- What you have to do:
In the data below, reproduce everything exactly except the images.

- Dataset extract:
■ ■ ■

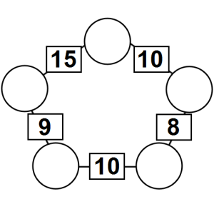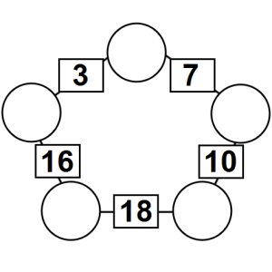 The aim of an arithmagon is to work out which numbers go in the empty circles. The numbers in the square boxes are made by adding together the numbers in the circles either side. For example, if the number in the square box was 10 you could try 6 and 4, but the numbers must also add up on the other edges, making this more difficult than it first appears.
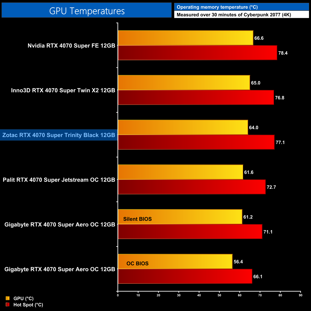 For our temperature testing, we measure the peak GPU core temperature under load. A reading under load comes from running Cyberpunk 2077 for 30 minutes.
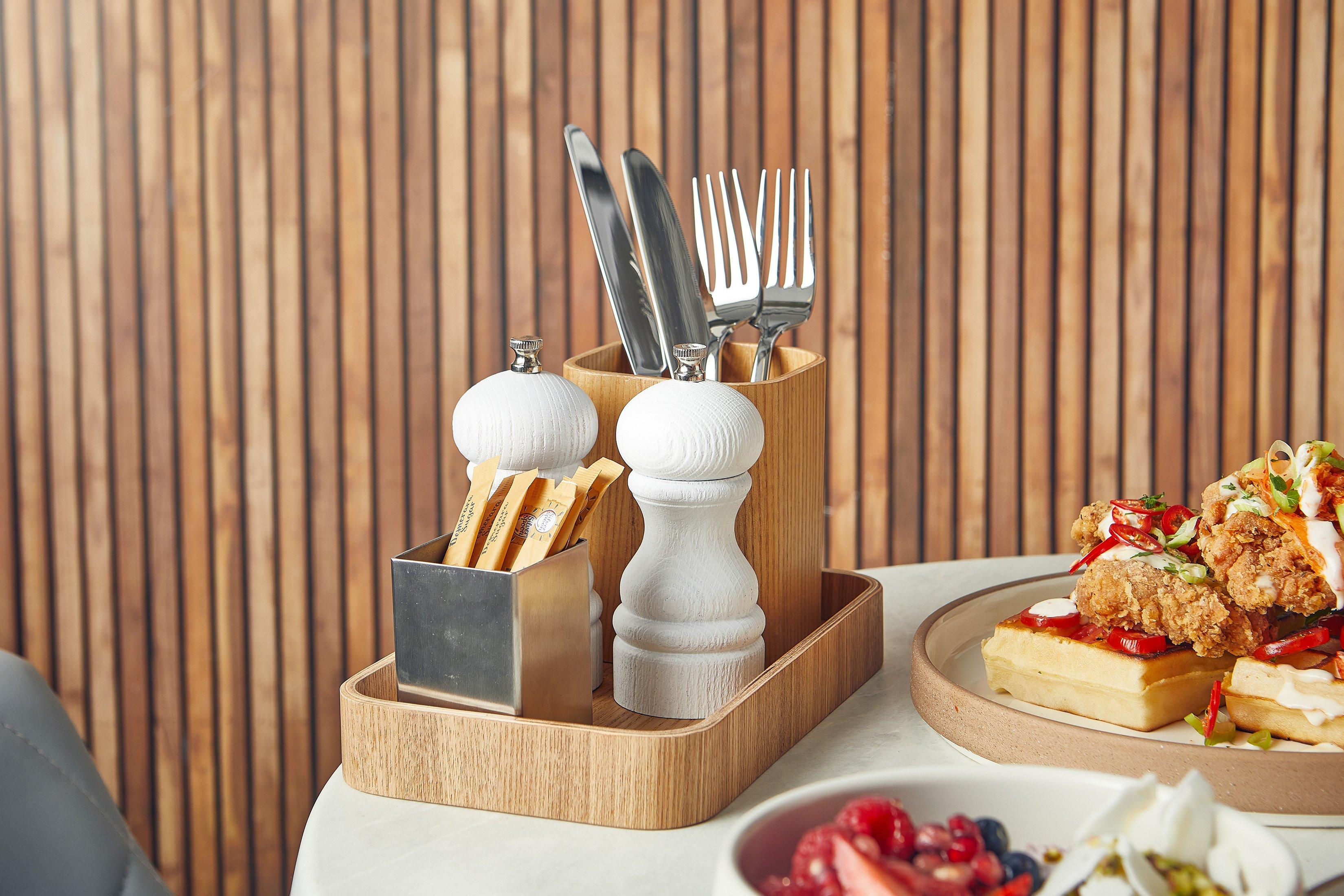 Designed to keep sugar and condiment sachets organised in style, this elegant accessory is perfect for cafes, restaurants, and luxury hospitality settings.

■ ■ ■

- Solution for this exercise:
 The aim of an arithmagon is to work out which numbers go in the empty circles. The numbers in the square boxes are made by adding together the numbers in the circles either side. For example, if the number in the square box was 10 you could try 6 and 4, but the numbers must also add up on the other edges, making this more difficult than it first appears.
 For our temperature testing, we measure the peak GPU core temperature under load. A reading under load comes from running Cyberpunk 2077 for 30 minutes.
 Designed to keep sugar and condiment sachets organised in style, this elegant accessory is perfect for cafes, restaurants, and luxury hospitality settings.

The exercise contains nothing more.